The move is being considered by the government led by Prime Minister Sanae Takaichi, as the cost of living continues to put pressure on Japanese households.


Japan currently imposes an 8% tax on food and non-alcoholic beverages, compared to 10% on other goods.


With food prices continuing to rise and inflation remaining above the 2% target for four consecutive years, the proposal is seen as an effort to ease the burden on the people while at the same time strengthening political support ahead of the vote.


The issue has become increasingly heated with reports that the ruling Liberal Democratic Party (LDP) may make cutting food taxes a campaign promise.


Although no final decision has been made yet, top LDP leaders have insisted that they are committed to implementing what was agreed upon in the government coalition agreement.

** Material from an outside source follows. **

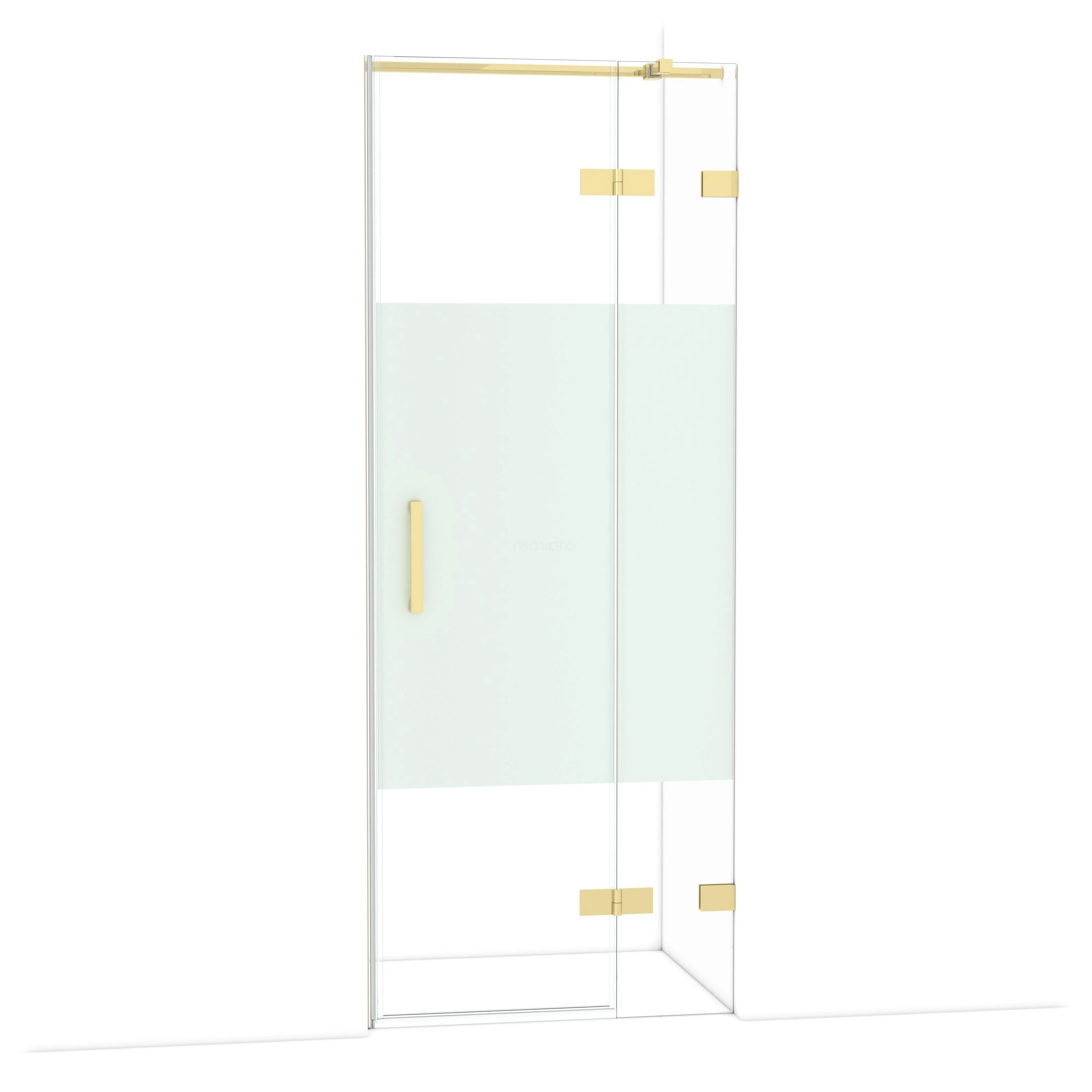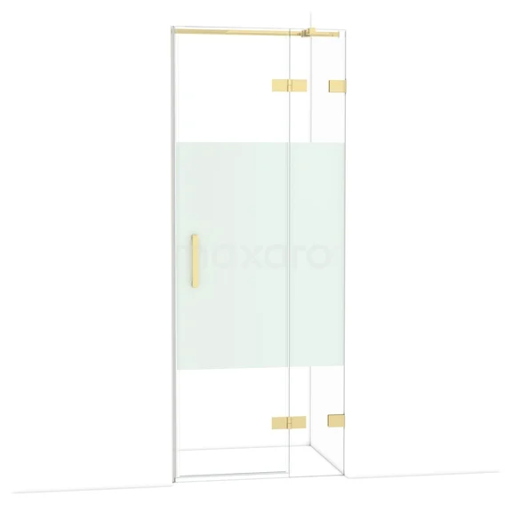 Die 80 cm lange Drehtür Diamond ist ideal für den Abschluss Ihrer Duschnische. Sie hat ein raffiniertes und luxuriöses Design in glänzendem Hellgold und verfügt über hochwertige Scharniere, Zweipunktbefestigung und einen vertikalen Griff. Das Klarglas mit mattem Streifen sorgt für mehr Privatsphäre. Die Verstellbarkeit macht es einfach, die Duschtür zu montieren. Die Gesamtbreite ist von 89,7 bis 90 cm verstellbar.

Interestingly, the opposition is not left behind. The new Centrist Reform Alliance bloc has also expressed its intention to cut sales taxes, but has vowed to do so without adding to the national debt, making the issue a key battleground between Japan’s two biggest political forces.


Markets have reacted early. Shares in food-related companies such as Yamazaki Baking and Seven & i Holdings (7-Eleven) have surged, reflecting expectations that lower taxes could boost consumer spending.


With Takaichi’s popularity still high, he is seen as betting this election on a stronger mandate to pursue more aggressive economic policies.


However, half of respondents to a public opinion poll disagree with a snap election, suggesting that an LDP victory is far from certain.


One thing is clear: whoever wins, the fate of food taxes will shape the direction of Japan’s economy and politics for the foreseeable future.